*** Raw data Section Begins ***
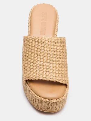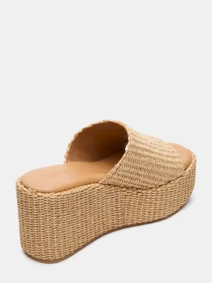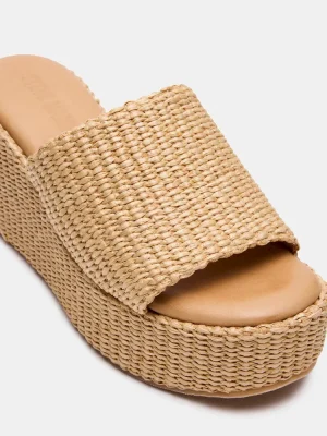 The JETTY platform wedge sandal combines raffia craftsmanship with a sleek mule silhouette, offering elevated comfort and effortless style. Its sturdy wedge heel provides stability and height, making it ideal for warm-weather occasions where both fashion and function matter. Perfect for adding a refined, summery touch to your wardrobe.
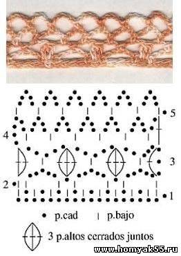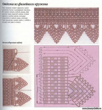 Также вязаная кружевная кайма с успехом украсит деревянные полочки или подоконники. Особенно хорошо смотрится широкая вязаная кайма с продетой сатиновой лентой и свисающей бахромой. Для вязания Вы можете подобрать пряжу любого цвета.
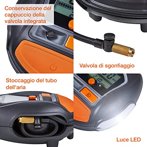 "Tempo di gonfiaggio rapido | Gonfia il pneumatico alla pressione desiderata in circa 2 minuti. Meccanismo di avvolgimento/svolgimento di un cordone strettamente avvolto. Luce LED | Facile da usare anche al buio e in condizioni di scarsa illuminazione"
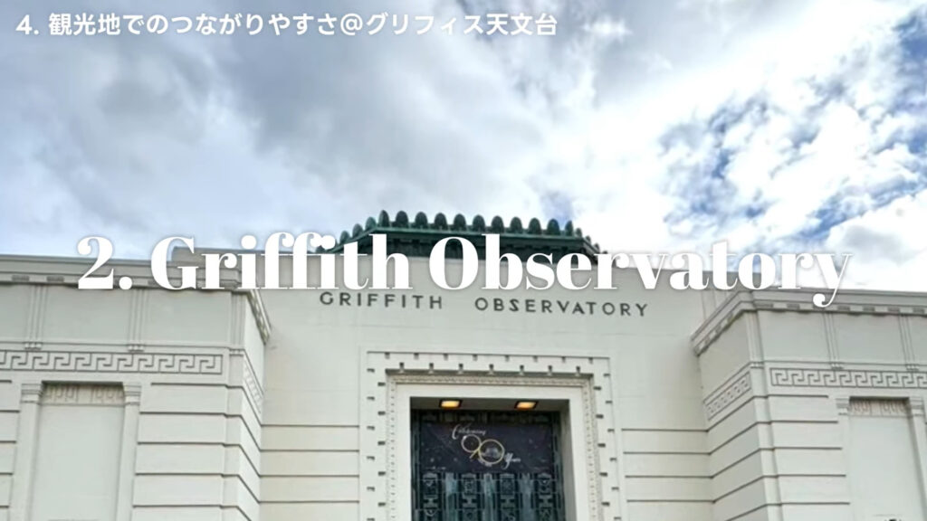 続いては、映画『ラ・ラ・ランド』の舞台としても有名な「グリフィス天文台」。有名な山の上のハリウッドサインを見ることができ、映画のロケ地にもなっている人気スポットです。
*** Raw data Section Ends ***
● Try it: When copying the listing, print each line exactly but leave out every picture.

● Finished task:
 The JETTY platform wedge sandal combines raffia craftsmanship with a sleek mule silhouette, offering elevated comfort and effortless style. Its sturdy wedge heel provides stability and height, making it ideal for warm-weather occasions where both fashion and function matter. Perfect for adding a refined, summery touch to your wardrobe.
 Также вязаная кружевная кайма с успехом украсит деревянные полочки или подоконники. Особенно хорошо смотрится широкая вязаная кайма с продетой сатиновой лентой и свисающей бахромой. Для вязания Вы можете подобрать пряжу любого цвета.
 "Tempo di gonfiaggio rapido | Gonfia il pneumatico alla pressione desiderata in circa 2 minuti. Meccanismo di avvolgimento/svolgimento di un cordone strettamente avvolto. Luce LED | Facile da usare anche al buio e in condizioni di scarsa illuminazione"
 続いては、映画『ラ・ラ・ランド』の舞台としても有名な「グリフィス天文台」。有名な山の上のハリウッドサインを見ることができ、映画のロケ地にもなっている人気スポットです。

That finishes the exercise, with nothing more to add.